- **What you should do**
Give back the exact lines of the material below from the one containing "This stunning Chanel" through the one containing "지난 8월 28일 정부는", and no pictures.

☆ ☆ ☆

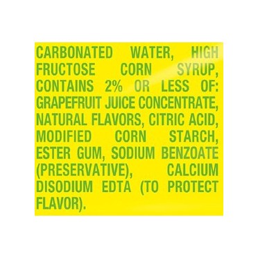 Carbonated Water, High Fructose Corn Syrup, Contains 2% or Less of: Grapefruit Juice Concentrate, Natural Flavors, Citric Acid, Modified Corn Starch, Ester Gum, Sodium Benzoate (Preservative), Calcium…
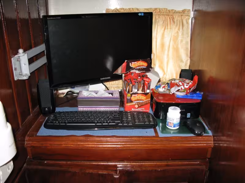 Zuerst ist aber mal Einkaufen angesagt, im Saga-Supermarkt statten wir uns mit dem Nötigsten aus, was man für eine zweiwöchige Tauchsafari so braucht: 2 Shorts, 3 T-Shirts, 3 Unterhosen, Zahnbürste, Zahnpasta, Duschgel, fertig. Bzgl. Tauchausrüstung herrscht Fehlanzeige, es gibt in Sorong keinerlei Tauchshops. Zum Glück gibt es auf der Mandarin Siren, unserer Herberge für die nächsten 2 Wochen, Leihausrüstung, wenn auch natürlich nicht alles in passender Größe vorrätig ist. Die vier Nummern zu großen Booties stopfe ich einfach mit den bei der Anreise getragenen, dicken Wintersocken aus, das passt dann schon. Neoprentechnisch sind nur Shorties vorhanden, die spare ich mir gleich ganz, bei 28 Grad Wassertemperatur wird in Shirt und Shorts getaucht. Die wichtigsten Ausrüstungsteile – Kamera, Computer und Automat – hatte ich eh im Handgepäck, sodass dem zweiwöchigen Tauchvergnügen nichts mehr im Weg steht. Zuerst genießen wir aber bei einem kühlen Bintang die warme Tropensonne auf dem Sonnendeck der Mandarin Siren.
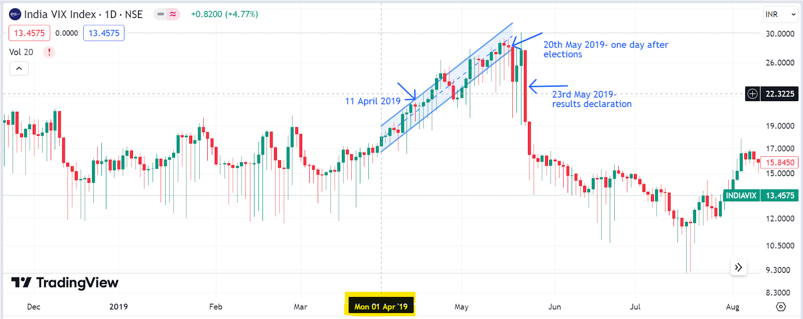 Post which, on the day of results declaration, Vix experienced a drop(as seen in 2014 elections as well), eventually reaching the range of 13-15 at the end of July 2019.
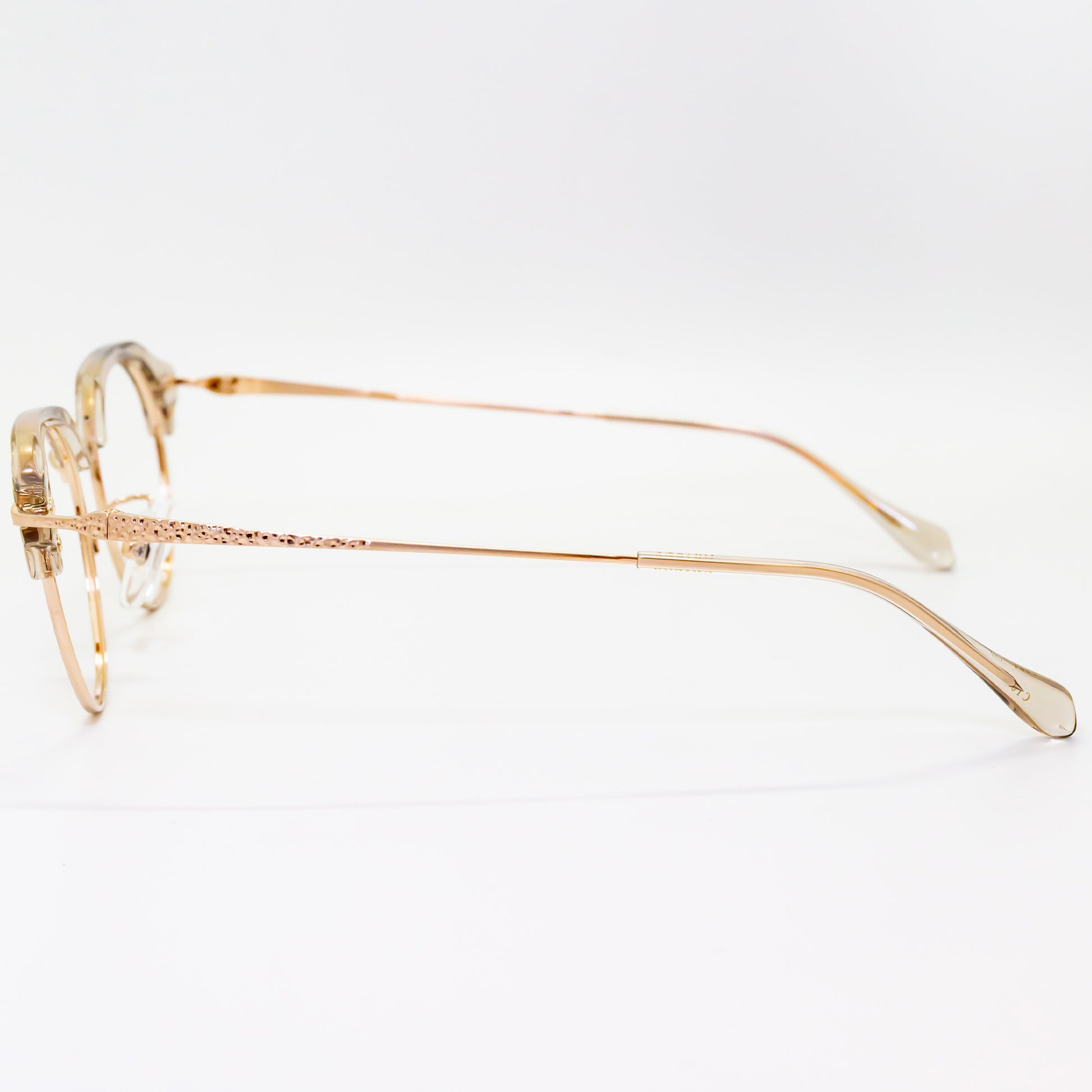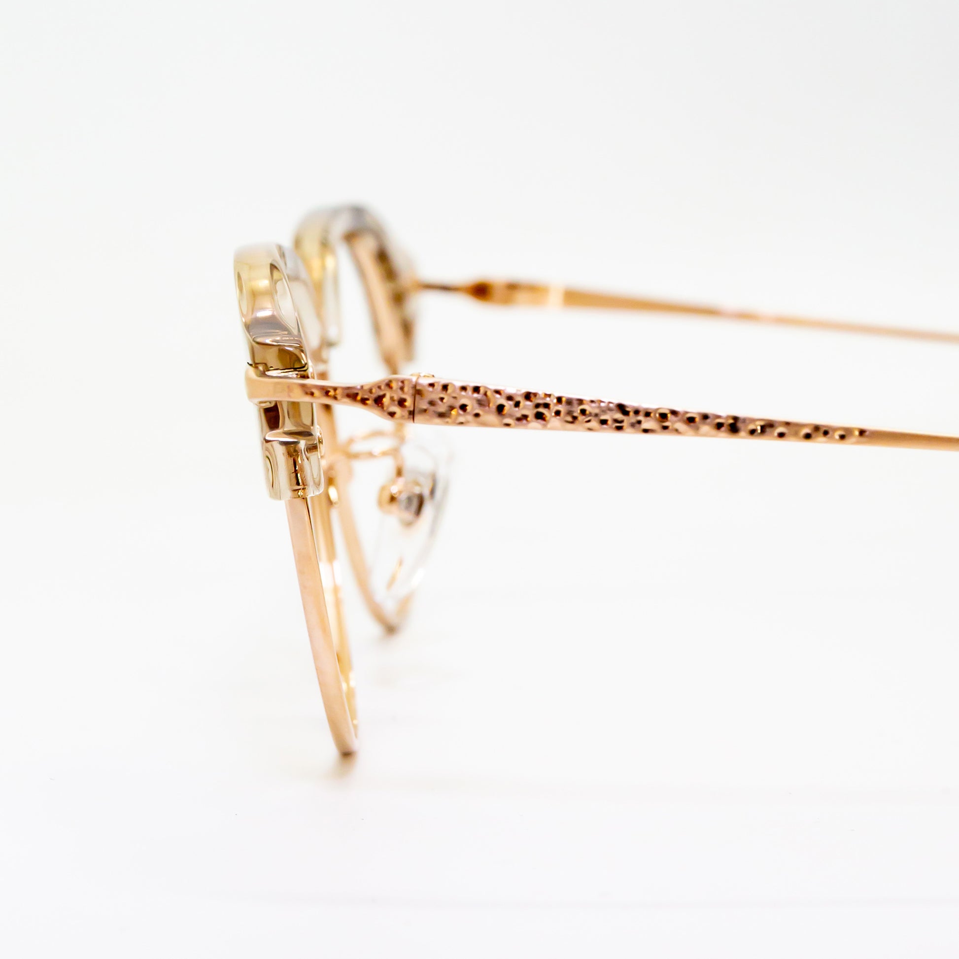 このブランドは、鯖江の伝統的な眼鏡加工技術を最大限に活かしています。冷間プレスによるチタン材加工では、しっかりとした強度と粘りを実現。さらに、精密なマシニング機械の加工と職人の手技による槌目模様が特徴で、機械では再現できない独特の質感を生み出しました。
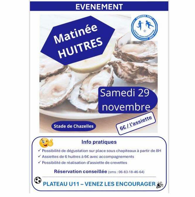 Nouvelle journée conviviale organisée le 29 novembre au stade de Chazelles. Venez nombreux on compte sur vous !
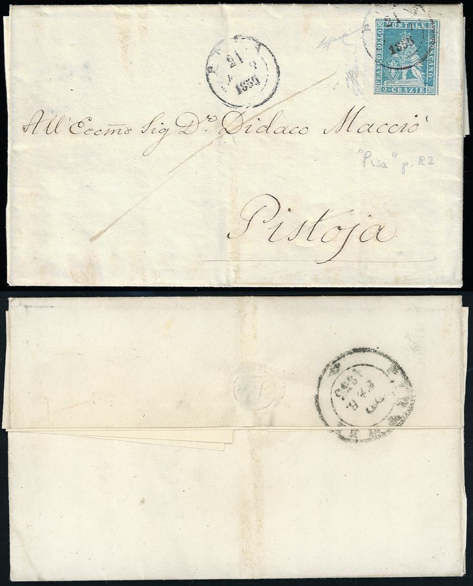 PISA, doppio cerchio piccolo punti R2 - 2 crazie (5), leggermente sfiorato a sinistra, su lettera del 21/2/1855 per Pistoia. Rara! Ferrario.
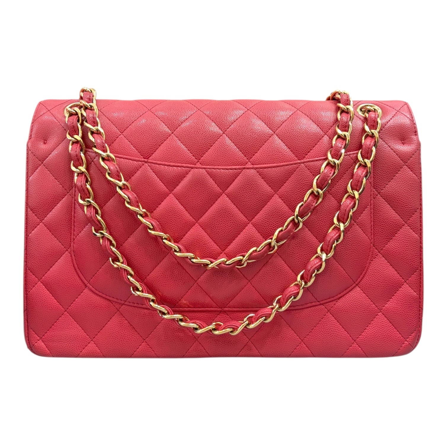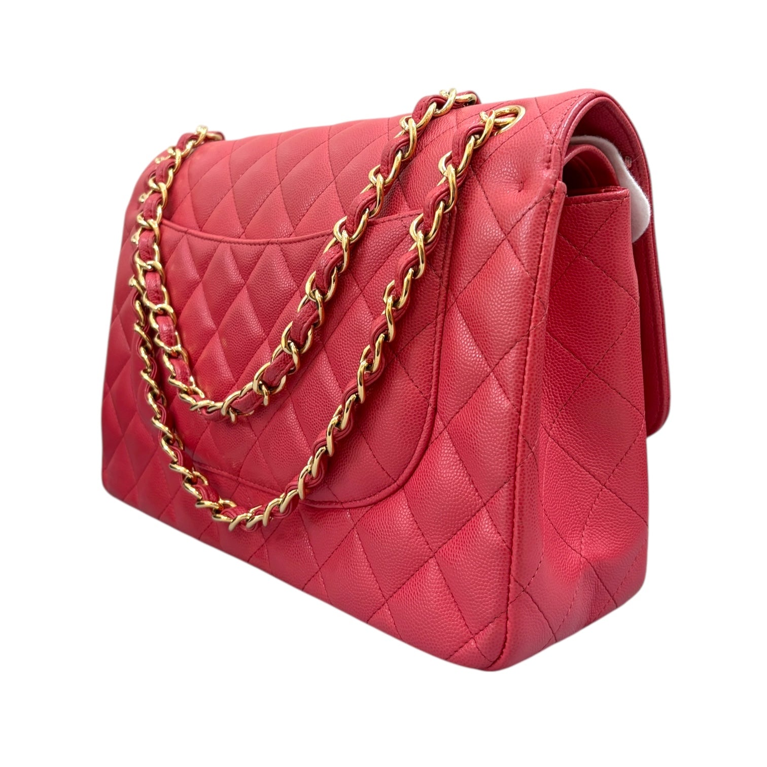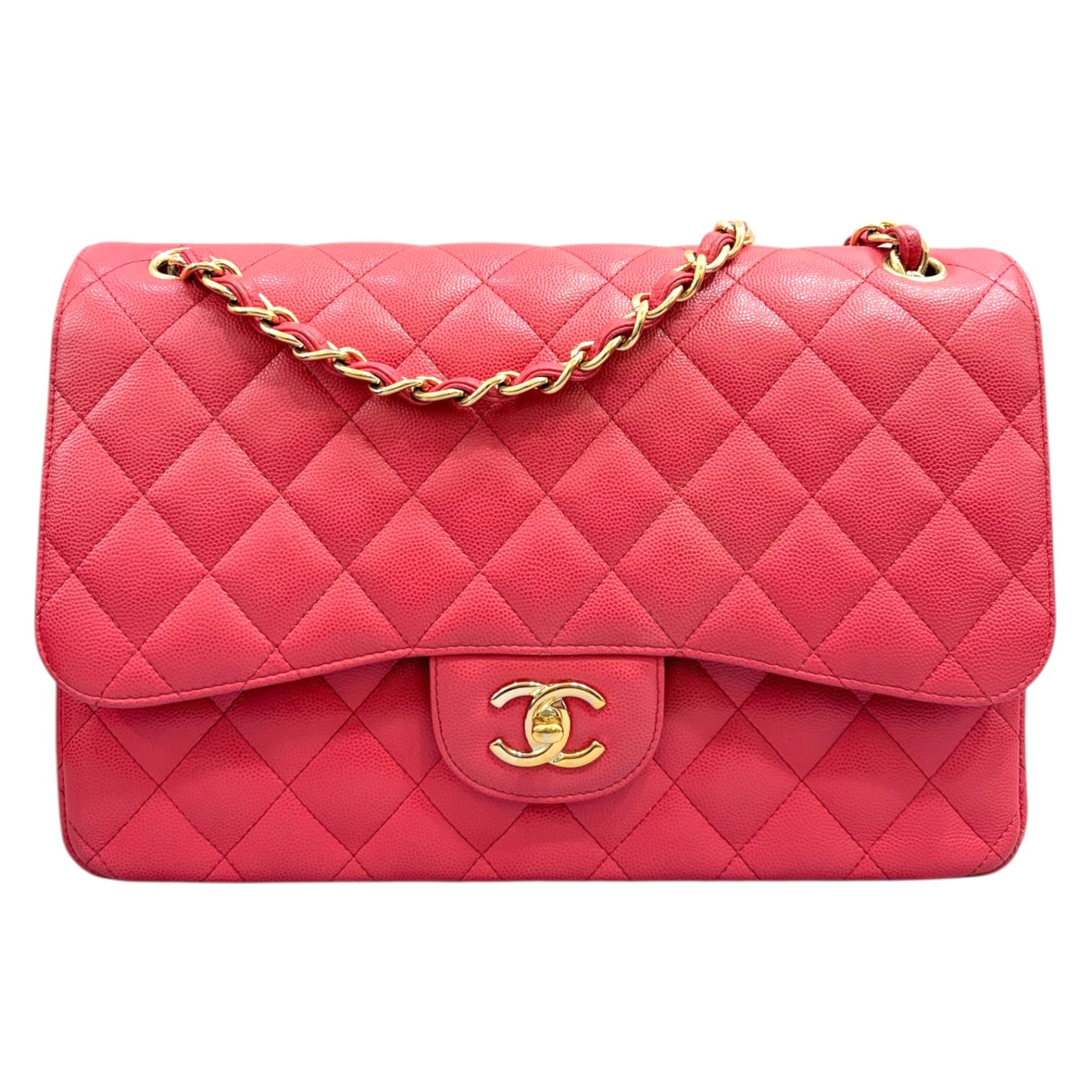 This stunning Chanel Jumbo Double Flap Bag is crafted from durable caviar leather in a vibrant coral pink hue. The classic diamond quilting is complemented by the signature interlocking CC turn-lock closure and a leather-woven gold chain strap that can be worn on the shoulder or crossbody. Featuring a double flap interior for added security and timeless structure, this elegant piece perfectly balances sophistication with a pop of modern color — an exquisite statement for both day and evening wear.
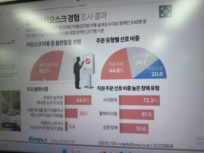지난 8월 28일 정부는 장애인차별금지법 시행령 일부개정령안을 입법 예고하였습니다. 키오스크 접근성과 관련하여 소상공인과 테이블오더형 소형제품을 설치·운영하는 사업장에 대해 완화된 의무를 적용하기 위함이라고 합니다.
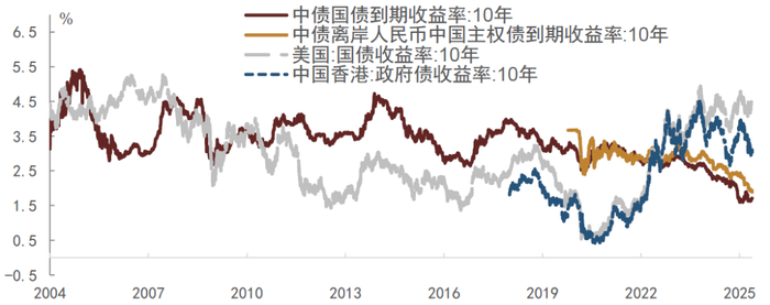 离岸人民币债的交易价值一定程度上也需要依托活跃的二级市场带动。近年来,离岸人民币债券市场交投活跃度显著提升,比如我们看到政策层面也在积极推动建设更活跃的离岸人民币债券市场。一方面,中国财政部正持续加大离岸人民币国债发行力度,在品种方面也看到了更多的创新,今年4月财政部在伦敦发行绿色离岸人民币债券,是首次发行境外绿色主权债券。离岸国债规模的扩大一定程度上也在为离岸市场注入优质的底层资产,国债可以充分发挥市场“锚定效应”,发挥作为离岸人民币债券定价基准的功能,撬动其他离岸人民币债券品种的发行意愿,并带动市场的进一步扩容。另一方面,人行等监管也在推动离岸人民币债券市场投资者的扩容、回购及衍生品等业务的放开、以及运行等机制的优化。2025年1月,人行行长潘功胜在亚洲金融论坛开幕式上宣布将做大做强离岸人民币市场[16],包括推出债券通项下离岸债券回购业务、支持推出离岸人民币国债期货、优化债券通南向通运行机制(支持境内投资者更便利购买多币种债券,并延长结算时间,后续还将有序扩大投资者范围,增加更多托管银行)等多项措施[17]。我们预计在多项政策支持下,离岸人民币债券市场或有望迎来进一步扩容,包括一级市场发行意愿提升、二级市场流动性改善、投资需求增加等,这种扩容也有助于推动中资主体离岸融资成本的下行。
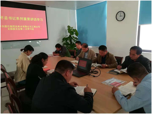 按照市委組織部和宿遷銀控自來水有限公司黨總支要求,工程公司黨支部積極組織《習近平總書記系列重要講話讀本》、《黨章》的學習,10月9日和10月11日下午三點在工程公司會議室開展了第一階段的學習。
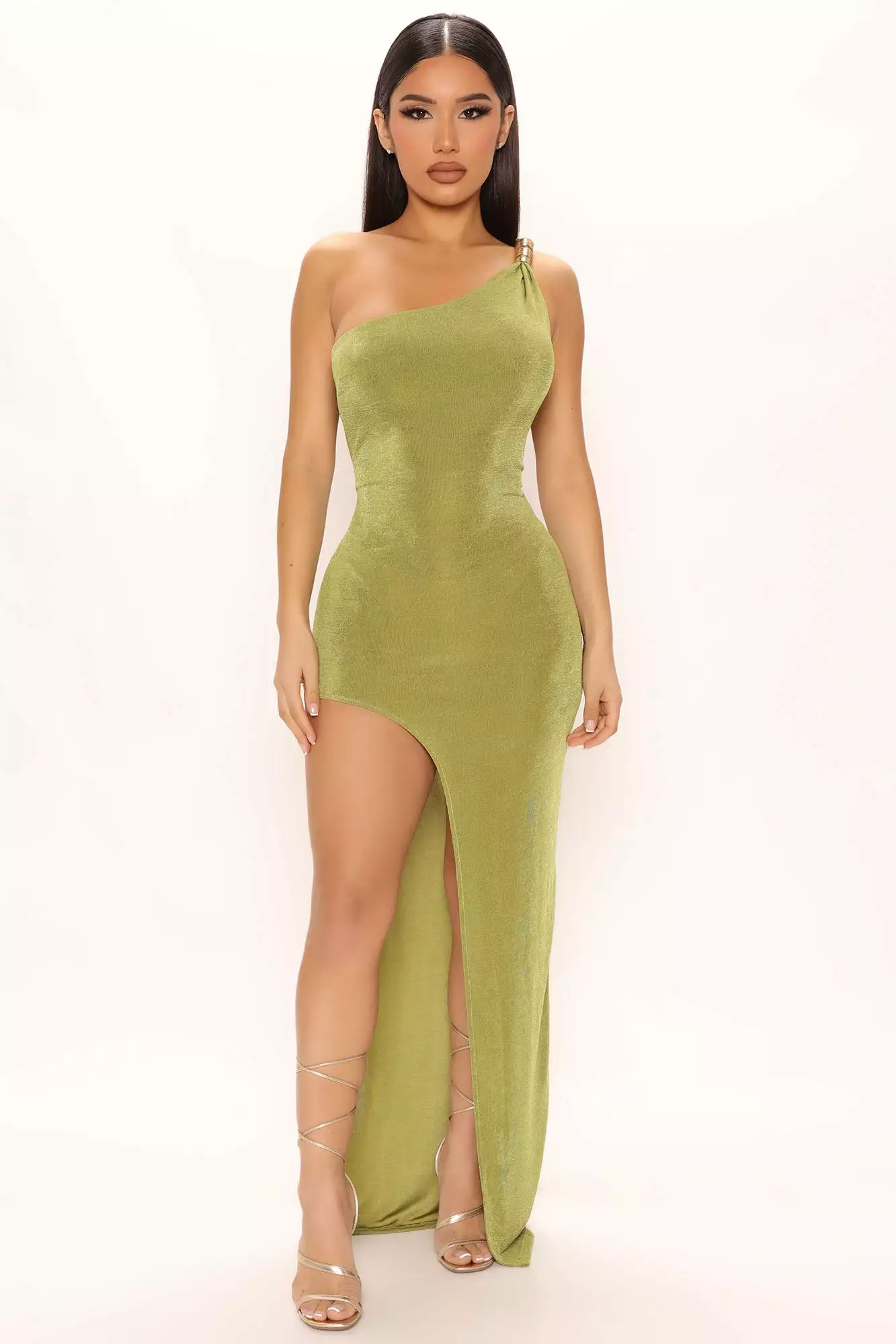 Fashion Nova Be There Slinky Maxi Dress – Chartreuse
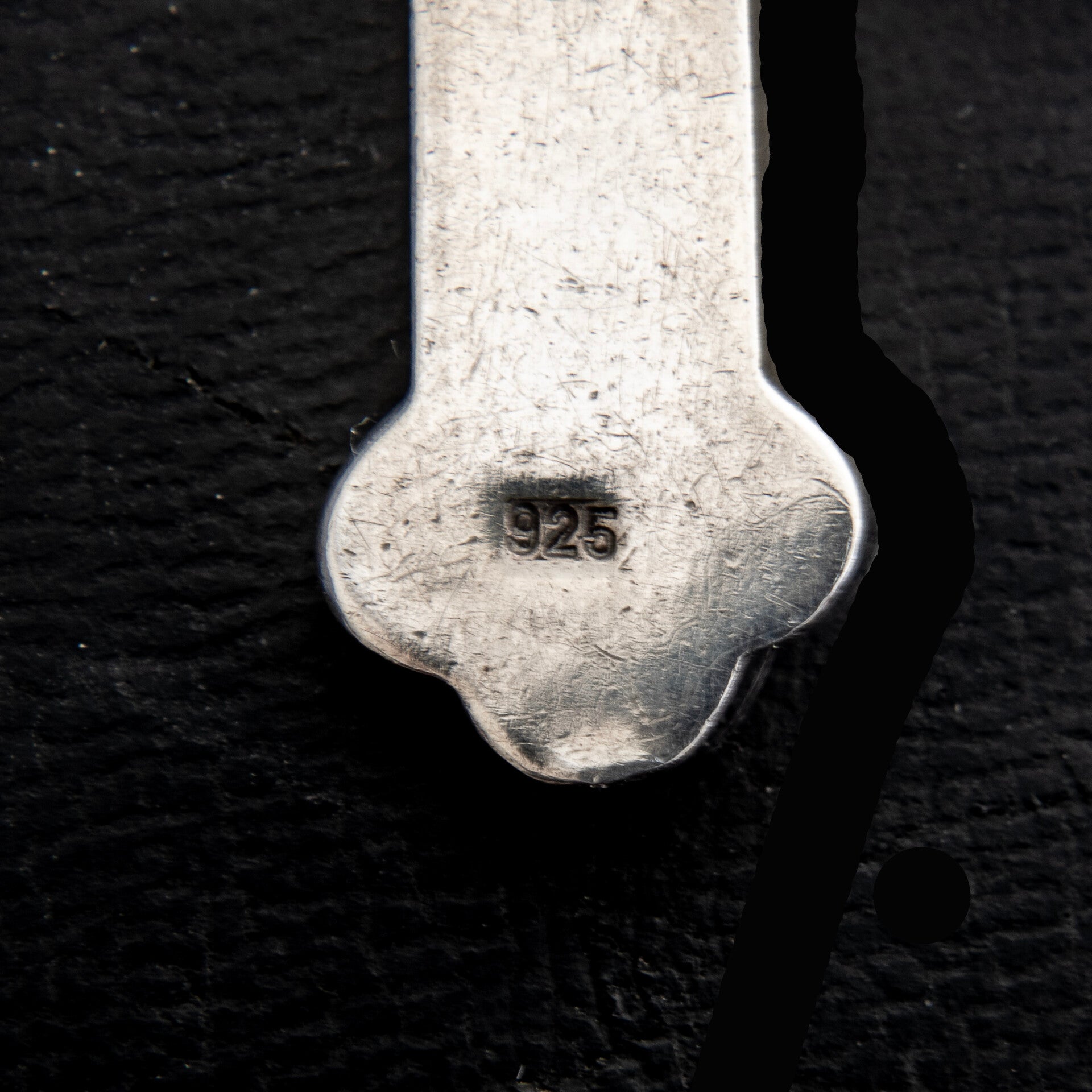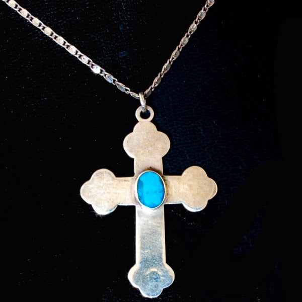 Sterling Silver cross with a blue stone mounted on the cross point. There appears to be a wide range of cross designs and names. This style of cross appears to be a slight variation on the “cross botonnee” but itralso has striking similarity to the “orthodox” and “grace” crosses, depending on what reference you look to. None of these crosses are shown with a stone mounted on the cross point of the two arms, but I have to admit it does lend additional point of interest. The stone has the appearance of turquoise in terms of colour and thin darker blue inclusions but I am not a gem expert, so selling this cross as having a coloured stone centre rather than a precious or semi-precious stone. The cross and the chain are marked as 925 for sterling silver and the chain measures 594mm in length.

☆ ☆ ☆

- **Solution for this task**
 This stunning Chanel Jumbo Double Flap Bag is crafted from durable caviar leather in a vibrant coral pink hue. The classic diamond quilting is complemented by the signature interlocking CC turn-lock closure and a leather-woven gold chain strap that can be worn on the shoulder or crossbody. Featuring a double flap interior for added security and timeless structure, this elegant piece perfectly balances sophistication with a pop of modern color — an exquisite statement for both day and evening wear.
지난 8월 28일 정부는 장애인차별금지법 시행령 일부개정령안을 입법 예고하였습니다. 키오스크 접근성과 관련하여 소상공인과 테이블오더형 소형제품을 설치·운영하는 사업장에 대해 완화된 의무를 적용하기 위함이라고 합니다.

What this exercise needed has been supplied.